Usually the 1950s are selected as the era of the traditional wife and the 1960s represent the exciting period of changing gender roles. The 70s were the heyday of feminism. These decades feel quite distinct from each other to me, a person born in 1951. Jessica Grose was born... when? Maybe to millennials, the 50s, 60s, and 70s seem like one big chunk of boomer oldness. 

66 కామెంట్‌లు:

rehajm చెప్పారు...

Maybe to millennials, the 50s, 60s, and 70s seem like one big chunk of boomer oldness

It may be worse than that. At a recent wedding I was mingling with the men and women their mid twenties and saw people only carving out their own thing without any reference to the past, just getting shit done, kind of calm and maybe a little . stoic. The photographer ten months pregnant with her second, maybe not yet approaching thirty, snapping away in her chuck taylors. One of the bridesmaids with one in a wrap, two months, both quietly fulfilling their duties. It was hopeful…but I saw no evidence of them thinking of the anxieties of you oldsters at all…

Aggie చెప్పారు...

One truly memorable thing from that era was the bra-burning protest of Miss America, and that was really nothing more than a one-time photo opportunity, even though it's commonly remembered as a pivotal moment. It was, and still is, pretty rare to see unfettered boobs in public, as much as men would prefer it.

I never really thought much of the movement. My mom was a school teacher and worked really hard at it, while raising the kids and doing most of the home-making, too. Most of the moms in our neighborhood worked, some wage-earners, some careerists.

Kai Akker చెప్పారు...

Confused? Consider your source.

narciso చెప్పారు...

Jessica is always wrong carry on

Humperdink చెప్పారు...

“ The 70s were the heyday of feminism.”

The heyday for feminism was the Obama era. More females than males in college. More females in corporate executive positions, especially in Human Resources. Most importantly, it has led to the AWFL phenomenon.

RCOCEAN II చెప్పారు...

Nothing Heritage puts out is any good. They had some civil war over their leader not criticizing Tucker Carlson enough. Its a play-pen for their rich donors.

In any case, its had to put "Women back in the kitchen" while telling everyone we have a labor shortage and must import millions of immigrants every year.

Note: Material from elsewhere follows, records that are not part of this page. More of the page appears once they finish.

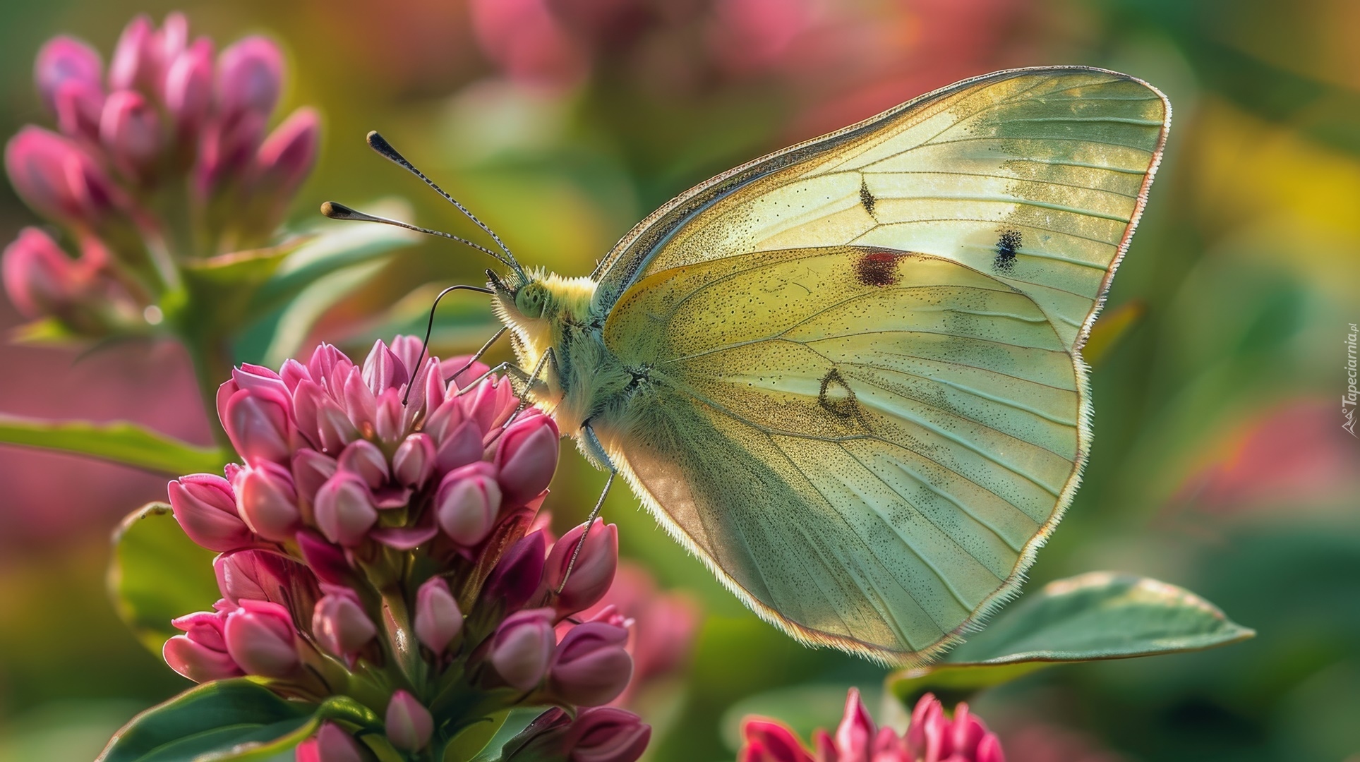 Edytor tapety: Bielinek kapustnik na pąkach rozkwitających kwiatów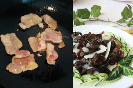 4、利用锅中剩余的油,倒入泡发好的木耳翻炒片刻后。因为木耳很容易熟,所以不需要炒制过久。再往锅中加入沥干多余水分的山药和瘦肉,加上些盐、少许的酱油进行调味。翻炒均匀,炒制山药熟透就可以食用了。【女物原创未经允许,谢绝转载!】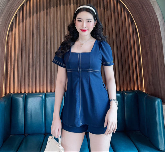 Elegant Wool Wave Co-ord Set for Women – Square Neck Long Top with Side Slits & Pocket Pants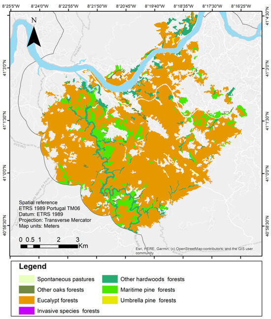 In the case study area, the land use composition following the EWE event was characterized by a predominance of forest stands (68.68%) (Figure 1). Within the forested landscape, eucalypt forests (Eucalyptus globulus Labill.) were the most prevalent, covering 53.79% of the total area and 80.34% of the forest area, followed by Maritime pine (Pinus pinaster Aiton.) forests, covering 11.06% of the forested area. Both species are used in commercial forestry. At a smaller scale, other forest species are also present.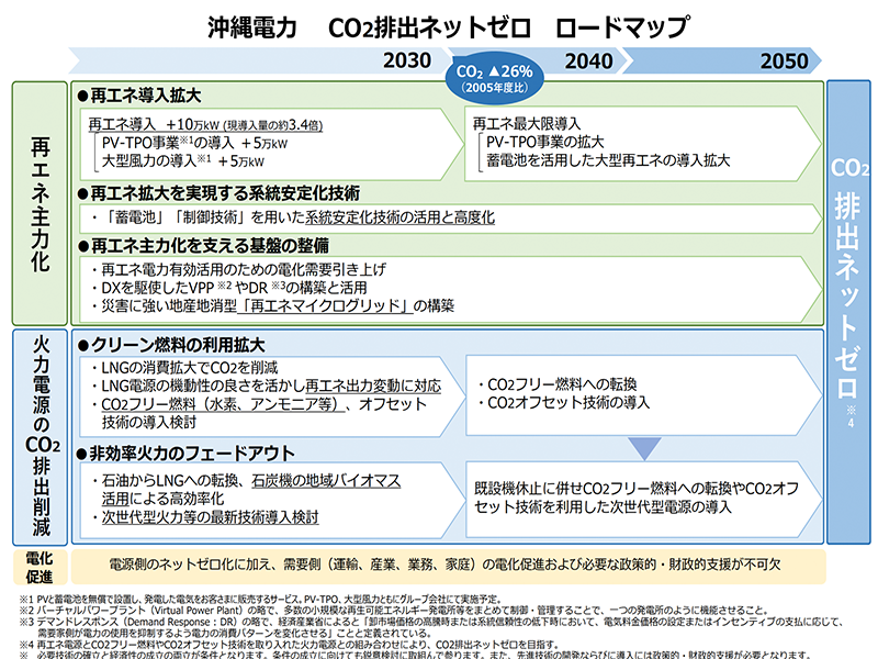 沖縄電力が「再エネ主力化」と「火力発電のCO2排出削減」という2つの方向性を掲げ、様々な施策を実施していくと発表。

Something has to be done about the birthrate, not just in the USA but in Europe and Japan. Countries cant survive if your population isn't replacing itself. How you do that is not my area of expertise. I do know women are driven by fashion and money. If the media was bombarding them with endless stories of how great it was to be married with kids, as opposed to being single and having "sex in the city" they'd probably change.

Shouting Thomas చెప్పారు...

Most spoiled, ass kissed human cohort in history bitching about nothing.

What a disgrace.

Beasts of England చెప్పారు...

What’s a woman?

Jake చెప్పారు...

It took Grok 2 minutes and 3 seconds, but it says Jessica Grose is 43 years old.

narciso చెప్పారు...

You know right.

narciso చెప్పారు...

Heritage is where vought. Homan and co were sequestered along with many voter id like spakovsky were sequestered

tomtcos చెప్పారు...

What we experience personally is more real than what we read about. Something that happened in the 1970s isn’t really real to someone born in 2000. And that person, going only from what they read/saw in a movie, will sound foolish to someone who lived it. Extrapolate—Vietnam war, JFK assassination, Cuban Missile Crisis.

Achilles చెప్పారు...

Can we address the results of the 19th amendment yet?

Luke Lea చెప్పారు...

Now that the 1950's dream of a house in the suburbs and a full-time Mom who stays at home with the kids is no longer possible, why not both parents each working half-time outside the home to support a family with children? https://www.amazon.com/dp/B00U0C9HKW

Marcus Bressler చెప్పారు...

I agree with Althouse's take on the decades. I was born in 1955.

MadisonMan చెప్పారు...

You can't expect headline writers to use math correctly and subtract.

Kai Akker చెప్పారు...

--- Countries cant survive if your population isn't replacing itself. How you do that is not my area of expertise.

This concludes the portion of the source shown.